Janvier, who studied and worked under the name Catherine Ann Drinker, studied art at the Maryland Institute with Adolf van der Whelan. In 1865, Janvier and the other Drinker children moved to their cousin Ann Elmslie's house in Philadelphia at 1906 Pine Street. Cathrine Drinker took classes at the Pennsylvania Academy of the Fine Arts, where she studied under Thomas Eakins. A life drawing class was established for women at the school in 1868. Ida Waugh and Emily Sartain were among her fellow students. Janvier taught art at Miss Sanford's School in 1870 and through private lessons.

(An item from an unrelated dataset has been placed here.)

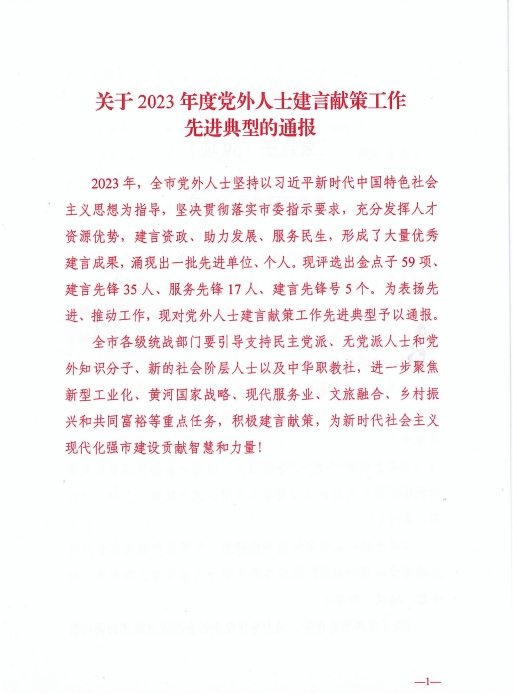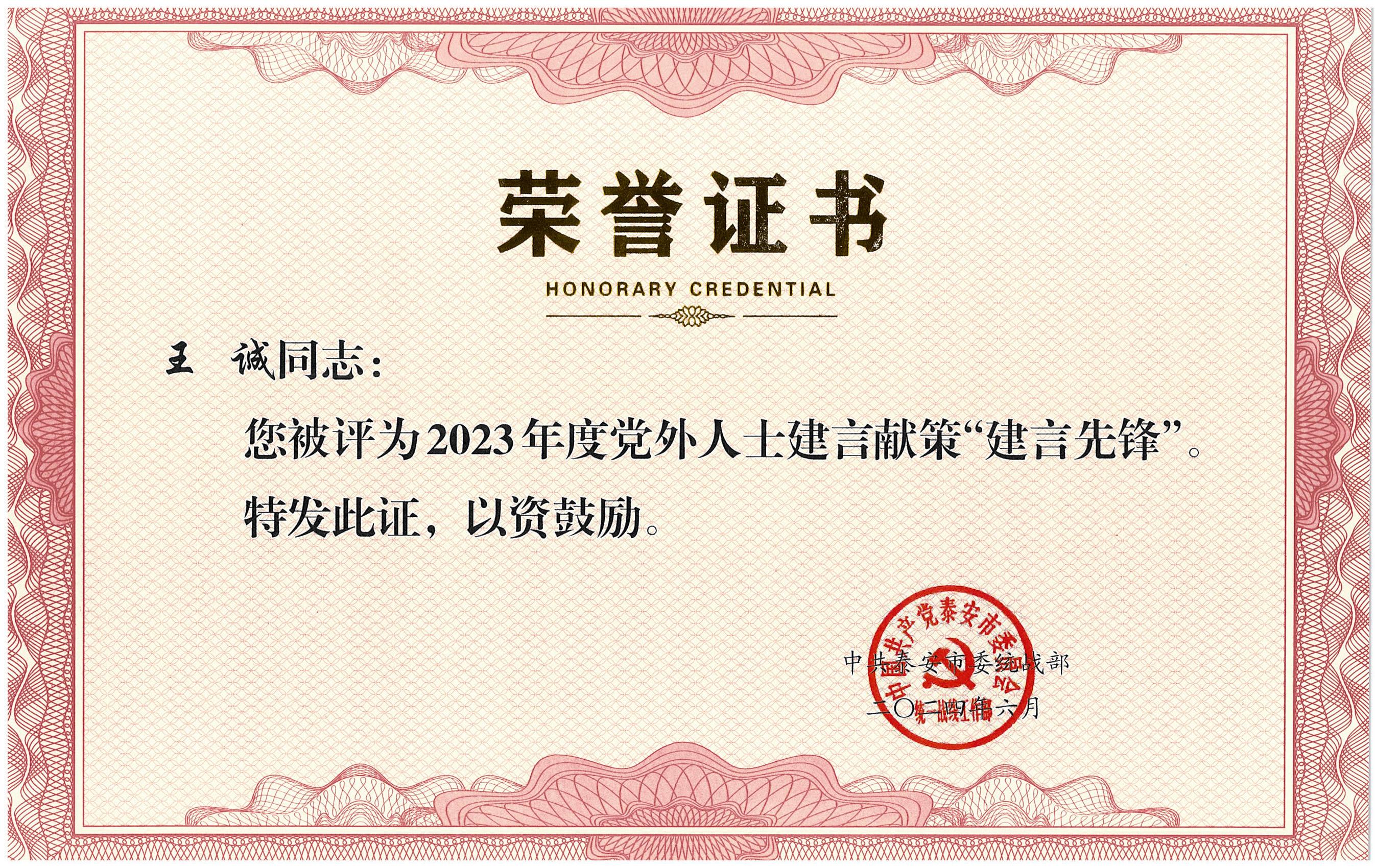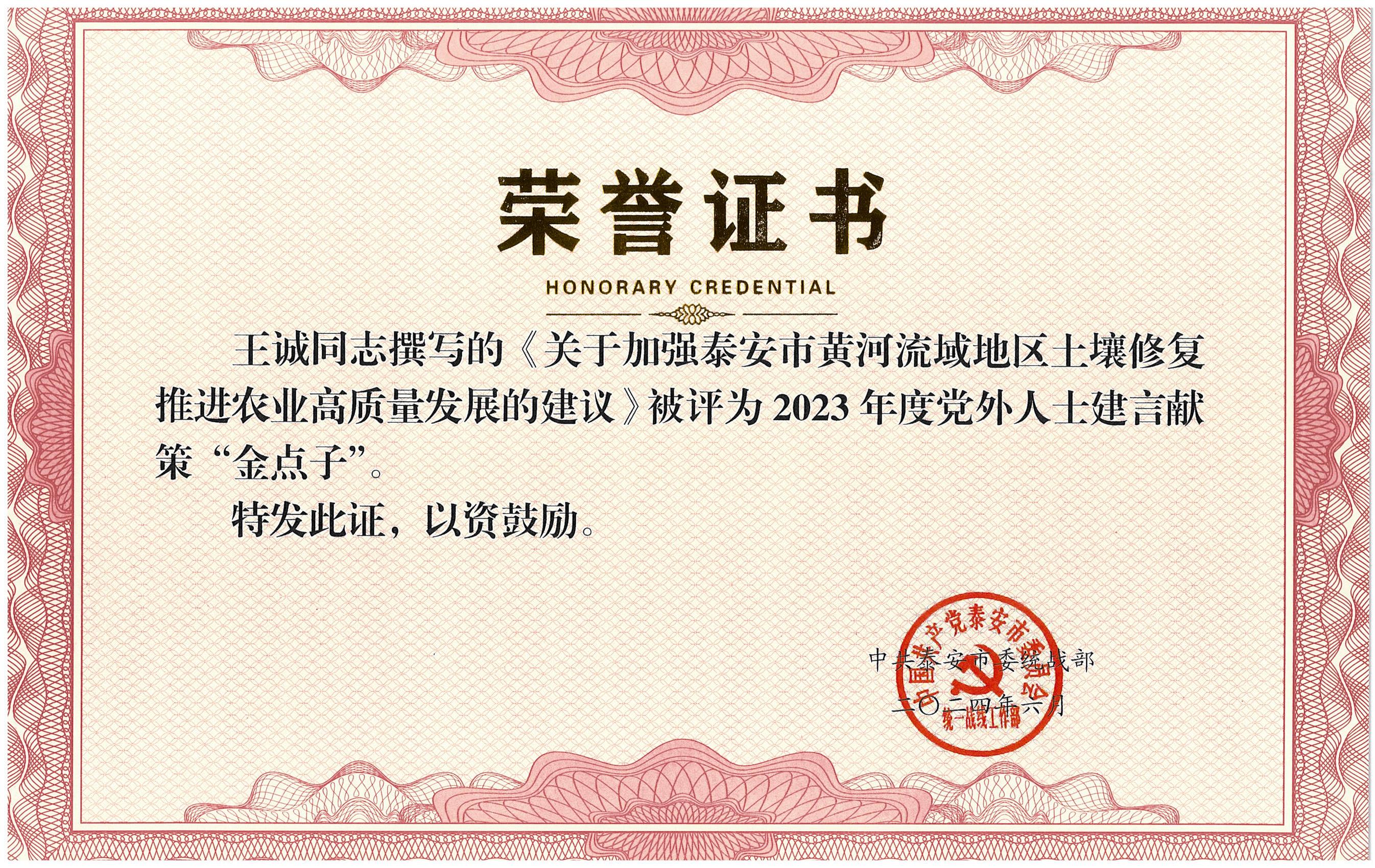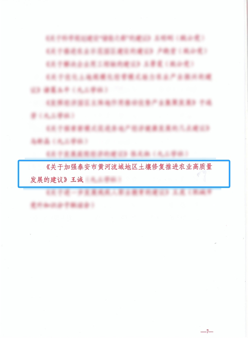 發(fā)布時間:[2024-7-9 17:52:5] 瀏覽量:3150次會上公布了《關于2023年度黨外人士建言獻策工作先進典型的通報》,王誠董事長被評為2023年度黨外人士建言獻策“建言先鋒”,撰寫的《關于加強泰安市黃河流域地區(qū)土壤修復推進農(nóng)業(yè)高質(zhì)量發(fā)展的建議》被評為2023年度黨外人士建言獻策“金點子”。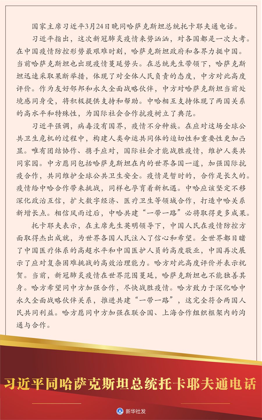 習(xí)近平強(qiáng)調(diào),病毒沒有國界,疫情不分種族。在應(yīng)對(duì)這場(chǎng)全球公共衛(wèi)生危機(jī)的過程中,構(gòu)建人類命運(yùn)共同體的迫切性和重要性更加凸顯。唯有團(tuán)結(jié)協(xié)作、攜手應(yīng)對(duì),國際社會(huì)才能戰(zhàn)勝疫情,維護(hù)人類共同家園。中方愿同包括哈薩克斯坦在內(nèi)的世界各國一道,加強(qiáng)國際抗疫合作,共同維護(hù)全球公共衛(wèi)生安全。疫情是暫時(shí)的,合作是長(zhǎng)久的。疫情給中哈合作帶來挑戰(zhàn),同樣也孕育著新機(jī)遇。中哈應(yīng)該堅(jiān)定不移深化政治互信,擴(kuò)大數(shù)字經(jīng)濟(jì)、醫(yī)療衛(wèi)生等領(lǐng)域合作,打造中哈關(guān)系新增長(zhǎng)點(diǎn)。相信風(fēng)雨過后,中哈共建“一帶一路”必將取得更多成果。

One of her private students was Cecilia Beaux, with whom she had much in common (Note: Janvier and Beaux both had a need to support themselves in early adulthood, they shared a May 1 birthdate, lost their mothers, lost/didn't have a relationship with their fathers, lived with their grandmothers, and were both interested in their family's history. Janvier recommended a school and helped her get Beaux her first job at Miss Sanford's School as a drawing instructor.) and became good friends. Cecilia's sister, Aimée Ernesta Beaux, married Henry Sturgis Drinker, Janvier's brother.

From 1873 to 1874, she ran Francis Adolf Van der Wielen's school, and Beaux was her student at that time. In the mid 1870s she studied under Thomas Eakins at the Pennsylvania Academy. In New York, she studied at the Art Students League.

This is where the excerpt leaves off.